Christiane Peugeot, mit viel zu viel Goldschmuck behangen, hat ihm ihre gute Freundin Madame Dubois vorgestellt. „Die war damals auch schon um die achtzig.“ Groß, schlank, stolze Haltung und durchdringender Blick. „Ehrlich gesagt, hat mich noch nie jemand so fasziniert und gleichzeitig so eingeschüchtert.“

Madame Dubois, sagt Jens, hätte ihn in akzentfreiem Deutsch beauftragt, die fünf bekanntesten Helden der griechischen Mythologie zu entwerfen. Und sie wollte einen zwei Meter großen Minotaurus. Natürlich alles aus Bronze.
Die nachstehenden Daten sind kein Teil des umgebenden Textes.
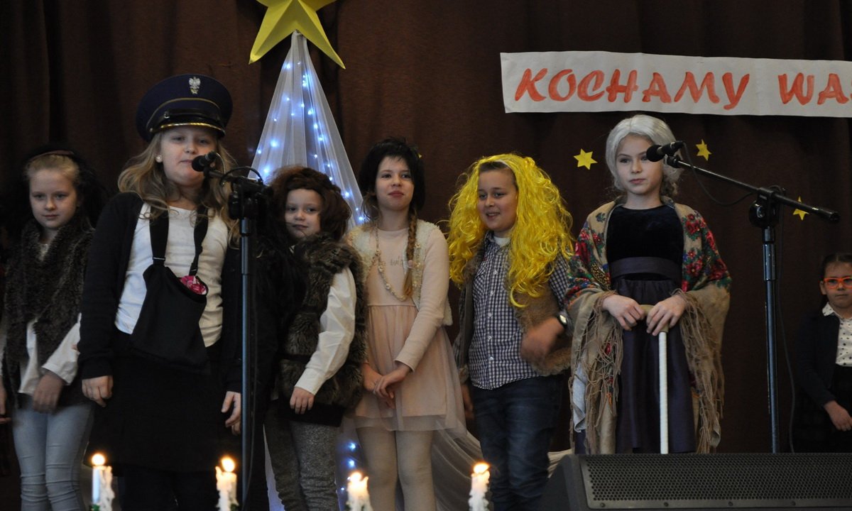 Dzieci z klas I - III oraz z "zerówki", wystąpiły na scenie z wierszykami, piosenkami oraz krótkimi inscenizacjami. Było bardzo wesoło i radośnie. Na koniec dyrektor szkoły, przekazał na ręce babć i dziadków, życzenia od całej szkoły.

Zwei Tage nach der Vernissage hat sie Jens dann auf ihr hochherrschaftliches Anwesen in der Nähe von Cassis eingeladen, am Tag darauf sind sie im Privatjet noch nach Strasbourg – da sollte der Minotaurus stehen und Madame Dubois wollte, dass der Künstler sich auch da inspirieren ließ. Die Villa in der Provence sei ein ehemaliges Weingut in einem gigantischen Park gewesen. „Das Penthouse im Zentrum von Strasbourg hat mich mindestens genauso umgehauen.“

Viereinhalb Jahre hat er für die Fertigstellung aller Figuren gebraucht. Das Geld hatte Madame im Vorfeld bezahlt. Gesehen oder gesprochen hat er sie nach seinem Besuch bei ihr nie wieder, weil sie das Geschäft über ihren Galeristen abgewickelt hat. Madame Dubois hat den Erhalt der Figuren nie bestätigt. Bestätigen können. Denn sie hat sie nie bekommen. Weil alle Figuren bei einem Brand zerstört wurden. Angeblich. „Der Galerist, über den die Auslieferung laufen sollte, wird seitdem von Interpol gesucht.“

Wilde Geschichte. Immerhin habe ich jetzt drei Ansatzpunkte.